Python文件处理与自动化实战:10个实用脚本让效率翻倍

日常开发中,重复性的文件操作浪费了大量时间。本文整理了10个Python文件处理与自动化的实战脚本,覆盖批量重命名、文件分类、增量备份、日志分析等常见场景,拿来即用。

1. 批量重命名文件(支持预览/确认)

怕误操作?先预览再执行,这是最稳妥的方式。

import os
import shutil
import re

def batch_rename(directory, pattern, replacement, dry_run=True):
    """批量重命名文件,支持预览模式"""
    renamed = []
    for filename in os.listdir(directory):
        new_name = re.sub(pattern, replacement, filename)
        if new_name != filename:
            renamed.append((filename, new_name))
            if not dry_run:
                src = os.path.join(directory, filename)
                dst = os.path.join(directory, new_name)
                os.rename(src, dst)
    return renamed

# 示例:将所有 test_*.txt 改为 demo_*.txt
if __name__ == '__main__':
    directory = './files'
    # 先预览
    changes = batch_rename(directory, r'^test_', 'demo_', dry_run=True)
    print(f'将重命名 {len(changes)} 个文件:')
    for old, new in changes:
        print(f'  {old} → {new}')
    # 确认后执行
    # batch_rename(directory, r'^test_', 'demo_', dry_run=False)

2. 按扩展名自动分类文件

下载文件夹总是乱糟糟?写一个脚本按类型自动归类。

import os
import shutil
from pathlib import Path

def classify_files(source_dir, target_base=None):
    """按扩展名将文件分类到不同子目录"""
    if target_base is None:
        target_base = source_dir
    target_base = Path(target_base)

    category_map = {
        'images': ['.jpg', '.jpeg', '.png', '.gif', '.webp', '.svg', '.bmp'],
        'documents': ['.pdf', '.doc', '.docx', '.xls', '.xlsx', '.ppt', '.pptx', '.txt'],
        'videos': ['.mp4', '.avi', '.mov', '.mkv', '.flv'],
        'archives': ['.zip', '.rar', '.7z', '.tar', '.gz'],
        'code': ['.py', '.js', '.java', '.cpp', '.html', '.css', '.go', '.rs'],
        'audio': ['.mp3', '.wav', '.flac', '.aac', '.ogg'],
    }

    stats = {cat: 0 for cat in category_map}
    moved = 0

    for filepath in Path(source_dir).iterdir():
        if not filepath.is_file():
            continue
        ext = filepath.suffix.lower()
        category = 'others'
        for cat, exts in category_map.items():
            if ext in exts:
                category = cat
                break
        target_dir = target_base / category
        target_dir.mkdir(exist_ok=True)
        shutil.move(str(filepath), target_dir / filepath.name)
        stats[category] += 1
        moved += 1

    print(f'共处理 {moved} 个文件:')
    for cat, count in stats.items():
        if count:
            print(f'  {cat}: {count} 个')

# 使用
classify_files('/Users/wang/Downloads')

3. 增量备份脚本(带去重)

完整备份太占空间?用增量备份+文件哈希去重,只备份变化的内容。

import os
import shutil
import hashlib
import json
from pathlib import Path
from datetime import datetime

class IncrementalBackup:
    def __init__(self, source, backup_root, manifest_path=None):
        self.source = Path(source)
        self.backup_root = Path(backup_root)
        self.manifest_path = Path(manifest_path or backup_root / '.manifest.json')
        self.manifest = self._load_manifest()
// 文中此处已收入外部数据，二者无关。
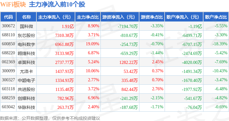 从资金流向上来看,当日WiFi板块主力资金净流出12.62亿元,游资资金净流入2.84亿元,散户资金净流入9.78亿元。WiFi板块个股资金流向见下表:

    def _load_manifest(self):
        if self.manifest_path.exists():
            return json.loads(self.manifest_path.read_text())
        return {}

    def _save_manifest(self):
        self.manifest_path.write_text(json.dumps(self.manifest, indent=2, ensure_ascii=False))

    def _file_hash(self, filepath):
        h = hashlib.sha256()
        with open(filepath, 'rb') as f:
            for chunk in iter(lambda: f.read(8192), b''):
                h.update(chunk)
        return h.hexdigest()

    def backup(self):
        timestamp = datetime.now().strftime('%Y%m%d_%H%M%S')
        backup_dir = self.backup_root / f'backup_{timestamp}'
        backup_dir.mkdir(parents=True, exist_ok=True)

        new_files = 0
        skipped = 0

        for filepath in self.source.rglob('*'):
            if not filepath.is_file():
                continue
            rel_path = filepath.relative_to(self.source)
            file_hash = self._file_hash(filepath)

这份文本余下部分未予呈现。